Por Armando Chaguaceda

 

A propósito de um artigo e de certas ofensas.

Há não muito tempo o escritor Arturo Arango publicou no diário espanhol El País o artigo «Cuba: los responsables del futuro» [«Cuba: os responsáveis do futuro»], um texto que, depois de reconhecer a diversidade intrínseca do tecido social cubano e a sua pluralidade cultural e ideológica, dava conta de certas atitudes do Estado e da população cubana perante as exigências e as mutações da actualidade. O artigo, que apresentava de maneira inequívoca (ainda que sempre discutível) certos temas de importância transcendente para a nação cubana, assinalando apostas e tendências, foi de imediato alvo de insultos e depreciações por parte de alguns exilados e de adversários do regime cubano. E provavelmente, ainda que isto não tem sido tema de notícias, o texto provocou desconforto a vários burocratas da ilha.

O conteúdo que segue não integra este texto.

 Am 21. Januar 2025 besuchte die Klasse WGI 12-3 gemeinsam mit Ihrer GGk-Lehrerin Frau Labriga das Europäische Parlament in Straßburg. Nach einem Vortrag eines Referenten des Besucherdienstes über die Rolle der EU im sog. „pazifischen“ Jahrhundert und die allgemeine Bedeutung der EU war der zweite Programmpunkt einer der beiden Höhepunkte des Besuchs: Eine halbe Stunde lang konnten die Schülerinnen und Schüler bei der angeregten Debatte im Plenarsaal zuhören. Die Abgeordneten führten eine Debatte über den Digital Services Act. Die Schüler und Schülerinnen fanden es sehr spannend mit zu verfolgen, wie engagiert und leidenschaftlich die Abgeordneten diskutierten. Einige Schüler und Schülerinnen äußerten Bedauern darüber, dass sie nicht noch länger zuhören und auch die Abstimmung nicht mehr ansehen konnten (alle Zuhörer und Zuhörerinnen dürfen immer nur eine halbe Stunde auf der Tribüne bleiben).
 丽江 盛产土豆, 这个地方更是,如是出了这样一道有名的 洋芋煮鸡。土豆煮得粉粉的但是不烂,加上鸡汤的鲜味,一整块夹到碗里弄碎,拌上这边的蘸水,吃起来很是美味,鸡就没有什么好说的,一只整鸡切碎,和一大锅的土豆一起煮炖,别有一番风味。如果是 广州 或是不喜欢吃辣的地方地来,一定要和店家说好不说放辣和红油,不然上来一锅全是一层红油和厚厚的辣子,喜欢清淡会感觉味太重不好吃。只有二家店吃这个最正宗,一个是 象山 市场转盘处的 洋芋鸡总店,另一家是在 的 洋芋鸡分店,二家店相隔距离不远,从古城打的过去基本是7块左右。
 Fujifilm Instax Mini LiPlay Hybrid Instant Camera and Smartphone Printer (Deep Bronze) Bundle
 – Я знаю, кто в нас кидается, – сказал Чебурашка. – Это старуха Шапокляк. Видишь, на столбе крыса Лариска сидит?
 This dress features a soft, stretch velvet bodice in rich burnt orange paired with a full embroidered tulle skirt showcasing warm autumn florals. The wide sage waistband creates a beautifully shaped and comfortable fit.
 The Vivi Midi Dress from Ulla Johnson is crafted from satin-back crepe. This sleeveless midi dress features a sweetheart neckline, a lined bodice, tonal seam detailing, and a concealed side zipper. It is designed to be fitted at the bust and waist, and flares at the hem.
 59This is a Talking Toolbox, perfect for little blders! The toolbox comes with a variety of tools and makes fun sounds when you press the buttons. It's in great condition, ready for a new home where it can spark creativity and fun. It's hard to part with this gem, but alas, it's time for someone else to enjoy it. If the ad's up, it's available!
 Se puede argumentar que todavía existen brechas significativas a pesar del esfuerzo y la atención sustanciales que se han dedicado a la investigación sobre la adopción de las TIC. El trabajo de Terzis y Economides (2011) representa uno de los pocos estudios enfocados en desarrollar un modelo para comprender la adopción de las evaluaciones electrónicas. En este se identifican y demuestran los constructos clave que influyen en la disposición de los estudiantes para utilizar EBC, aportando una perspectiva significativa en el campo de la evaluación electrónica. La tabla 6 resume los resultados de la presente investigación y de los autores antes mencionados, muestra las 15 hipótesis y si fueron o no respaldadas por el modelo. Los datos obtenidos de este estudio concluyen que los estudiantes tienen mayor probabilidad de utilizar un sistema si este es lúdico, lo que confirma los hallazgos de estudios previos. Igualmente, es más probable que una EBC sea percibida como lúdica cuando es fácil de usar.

phplsgqcl-350xO trabalho de Arturo chegou numa altura em que a polarização das semanas passadas parece ter baixado de tom, graças à intermediação da hierarquia eclesiástica para que cessassem as manifestações de protesto e fossem libertados os presos doentes. Essa intermediação parece ter encontrado ouvidos atentos no governo cubano e ter aberto vias de diálogo particularmente importantes hoje e, sobretudo, no futuro próximo. Aquele artigo foi mais um num fluxo infindável de cartas, manifestos, análises e contracampanhas, que saturaram o ciberespaço ao longo do ano e cujas atitudes de demonização ou de apologia do regime cubano (que pouco diferem tanto no estilo como na argumentação) mal deixaram lugar para perspectivas desapaixonadas (no bom sentido) e inspiradoras como são as do artigo de Arango.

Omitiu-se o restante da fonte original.